Nginx uses a master + worker architecture. The master process owns the listening sockets and reloads config; worker processes do the actual I/O — reading requests, calling upstreams, sending responses. Workers are single-threaded and event-driven, so they can juggle thousands of simultaneous connections each, without threads or locks.

The two directives that define your server's top-end capacity live in nginx.conf at the top level and in the events block:

# /etc/nginx/nginx.conf # One worker per logical CPU core is the canonical baseline. # 'auto' lets Nginx detect the core count at startup — use it everywhere. worker_processes auto; events { # Maximum simultaneous connections per worker. # Total theoretical capacity = worker_processes * worker_connections. # On a 4-core box with worker_connections 1024: up to 4,096 connections. worker_connections 1024; # Use epoll on Linux (the kernel's scalable I/O event interface). # Nginx selects this automatically, but being explicit documents intent. use epoll; # Allow each worker to accept all pending connections in one syscall # instead of waking up one worker per connection. Reduces context switches # under bursty traffic. Enable once you see 'accept mutex' in strace output. multi_accept on; }
How large should worker_connections be? Each open connection consumes roughly one file descriptor and a small amount of memory (8–16 KB depending on buffer sizes). A safe ceiling is: worker_connections = (available_file_descriptors / worker_processes) * 0.9. On a server with 65 535 FDs and 4 workers that gives you ~14 700 per worker — far above the 1024 default. Raise it to 4096 or 8192 for traffic-heavy front-ends.

File Descriptors: The Hidden Bottleneck

Every open socket, file, or pipe counts against the operating system's file descriptor (FD) limit. Under load, an under-configured server will log too many open files and start rejecting connections — a hard failure that looks like random timeouts to users.

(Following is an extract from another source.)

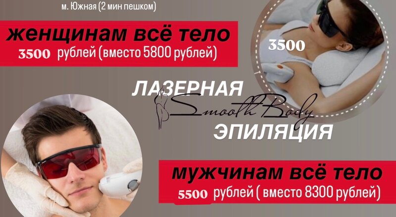 Лазерная эпиляция ВСЕГО за 1 рубль - при оплате 2х любых зон - 3тья зона за 1 рубль. Подробности уточняйте у мастера - https://t.me/smoothbodymsku М. ЮЖНАЯ, Варшавское шоссе, вл132/2.

There are two limits you must raise in concert:

  • OS-level (system-wide): /proc/sys/fs/file-max — the absolute ceiling for all processes on the machine.
  • Process-level (per-process): the ulimit -n of the Nginx worker process, controlled in nginx.conf via worker_rlimit_nofile.
# 1. Raise the system-wide limit persistently in /etc/sysctl.conf fs.file-max = 200000 # Apply immediately (no reboot needed) sysctl -p # 2. Raise the per-process limit inside nginx.conf (main context) worker_rlimit_nofile 65535; # After changing nginx.conf, reload — no downtime: nginx -t && systemctl reload nginx # 3. Verify what Nginx workers are actually using cat /proc/$(pgrep -f 'nginx: worker')/limits | grep 'open files'
systemd caps can silently override your settings. If you manage Nginx with systemd (standard on Ubuntu 20+ and CentOS 8+), it applies its own LimitNOFILE. Check with systemctl show nginx | grep LimitNOFILE. To raise it, create a drop-in: systemctl edit nginx, add [Service] / LimitNOFILE=65535, then systemctl daemon-reload && systemctl reload nginx. Both the systemd limit and worker_rlimit_nofile must be set — they are independent knobs.

Reading Nginx Access Logs

The access log is your real-time window into production traffic. Every request Nginx handled appears here. The default combined log format captures the IP, timestamp, HTTP method, URI, status code, bytes sent, referer, and user-agent — enough to reconstruct exactly what happened.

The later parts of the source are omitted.